Is there a particular reason to favour one over the other?
The first is more explicit, i. e. it definitely excludes the closing delimiter from being part of the matched text. This is not guaranteed in the second case (if the regular expression is extended to match more than just this tag).
Example: If you try to match <tag1><tag2>Hello!
with <.*?>Hello!
, the regex will match
<tag1><tag2>Hello!
whereas <[^>]*>Hello!
will match
<tag2>Hello!
What most people fail to consider when approaching questions like this is what happens when the regex is unable to find a match. That's when the killer performance sinkholes are most likely to appear. For example, take Tim's example, where you're looking for something like <tag>Hello!
. Consider what happens with:
<.*?>Hello!
The regex engine finds a <
and it quickly finds a closing >
, but not >Hello!
. So the .*?
continues looking for a >
that is followed by Hello!
. If there isn't one, it will go all the way to the end of the document before it gives up. Then the regex engine resumes scanning until it finds another <
, and tries again. We already know how that's going to turn out, but the regex engine, typically, doesn't; it goes through the same rigamarole with every <
in the document. Now consider the other regex:
<[^>]*>Hello!
As before, it quickly matches from the <
to the >
, but fails to match Hello!
. It will backtrack to the <
, then quit and start scanning for another <
. It will still check every <
like the first regex did, but it won't search all the way to the end of the document every time it finds one.
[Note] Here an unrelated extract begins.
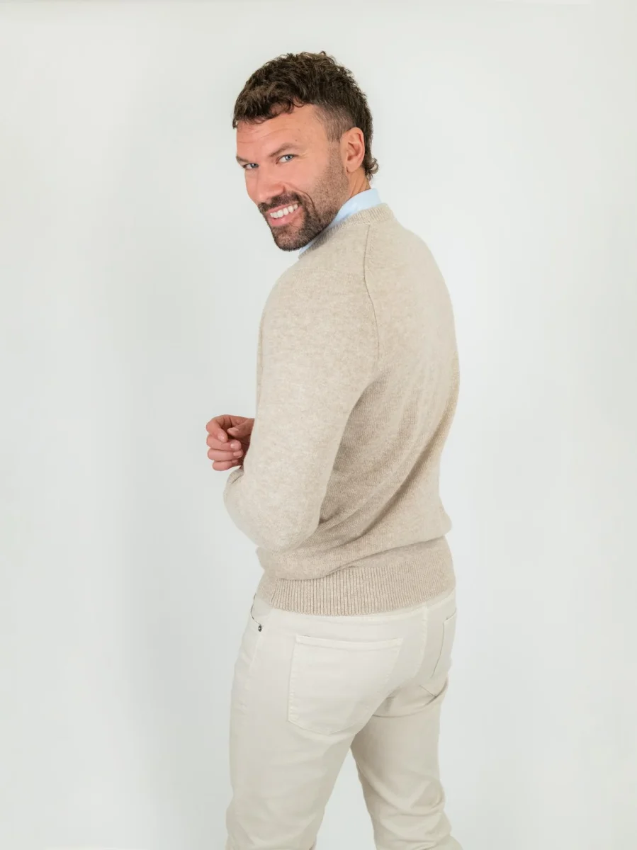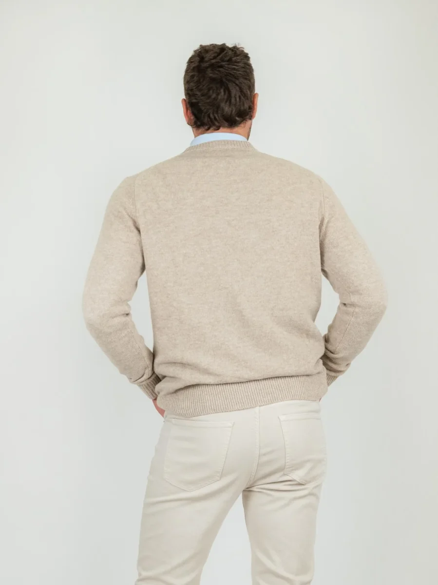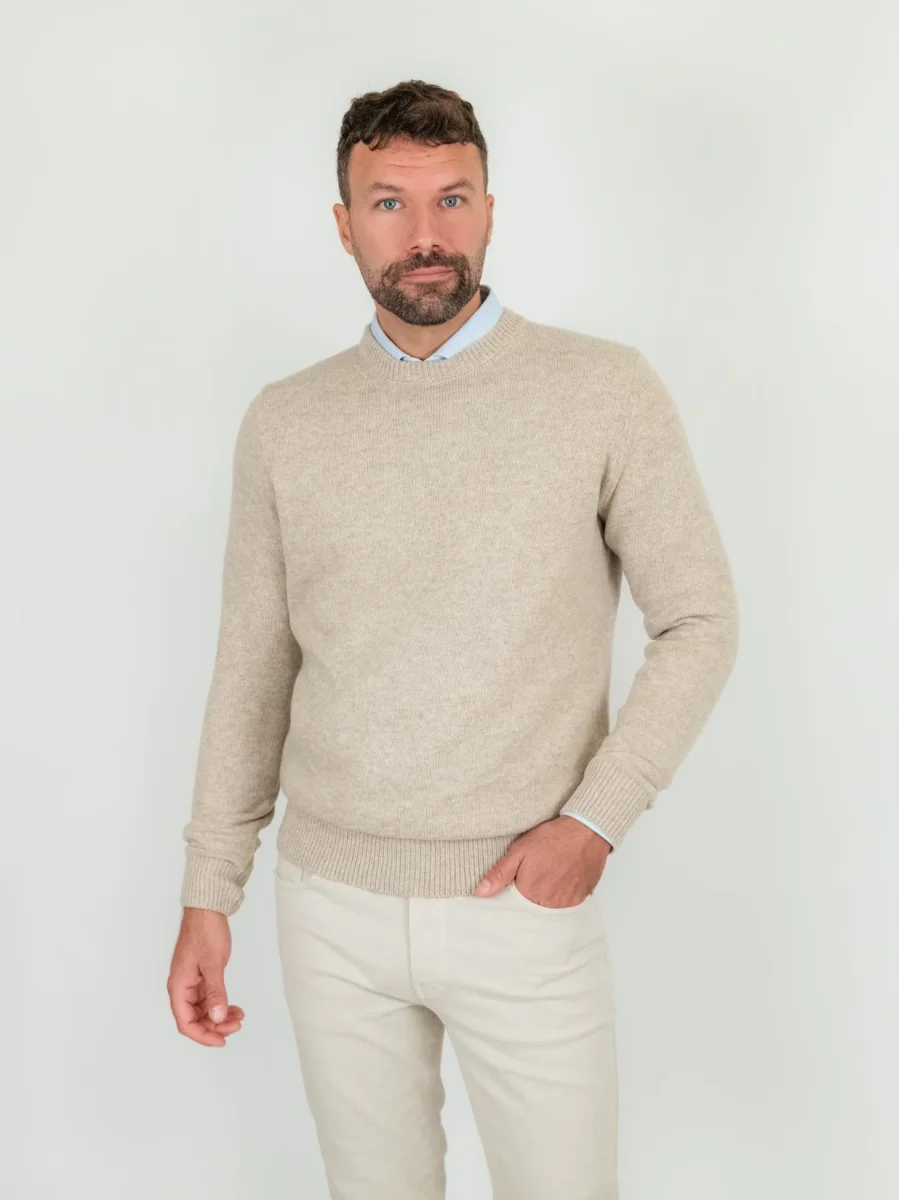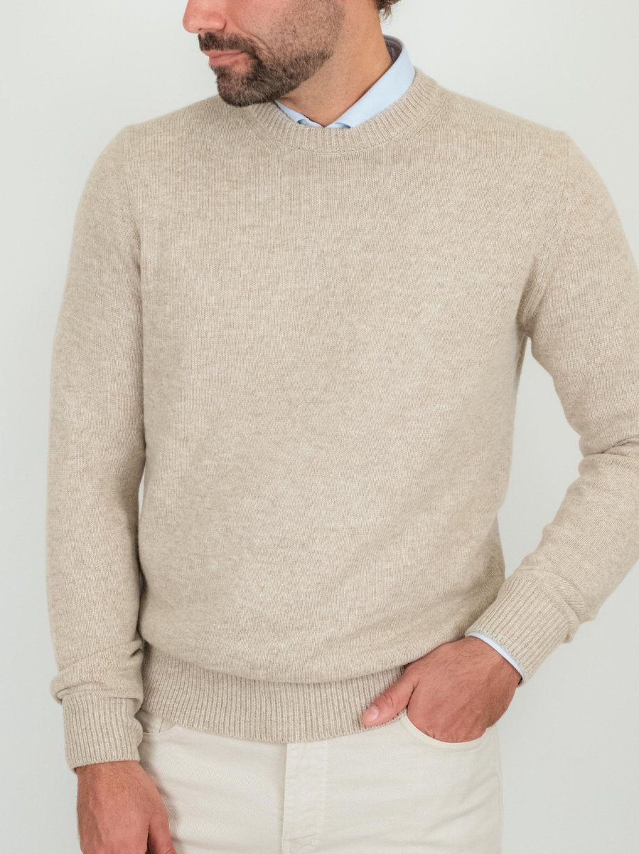 Maglione girocollo beige misto cashmere.

But it's even worse than that. If you think about it, .*?
is effectively equivalent to a negative lookahead. It's saying "Before consuming the next character, make sure the remainder of the regex can't match at this position." In other words,
/<.*?>Hello!/
...is equivalent to:
/<(?:(?!>Hello!).)*(?:>Hello!|\z(*FAIL))/
So at every position you're performing, not just a normal match attempt, but a much more expensive lookahead. (It's at least twice as costly, because the lookahead has to scan at least one character, then the .
goes ahead and consumes a character.)
((*FAIL)
is one of Perl's backtracking-control verbs (also supported in PHP). |\z(*FAIL)
means "or reach the end of the document and give up".)
Finally, there's another advantage of the negated-character-class approach. While it doesn't (as @Bart pointed out) act like the quantifier is possessive, there's nothing to stop you from making it possessive, if your flavor supports it:
/<[^>]*+>Hello!/
...or wrap it in an atomic group:
/(?><[^>]*>)Hello!/
Not only will these regexes never backtrack unnecessarily, they don't have to save the state information that makes backtracking possible.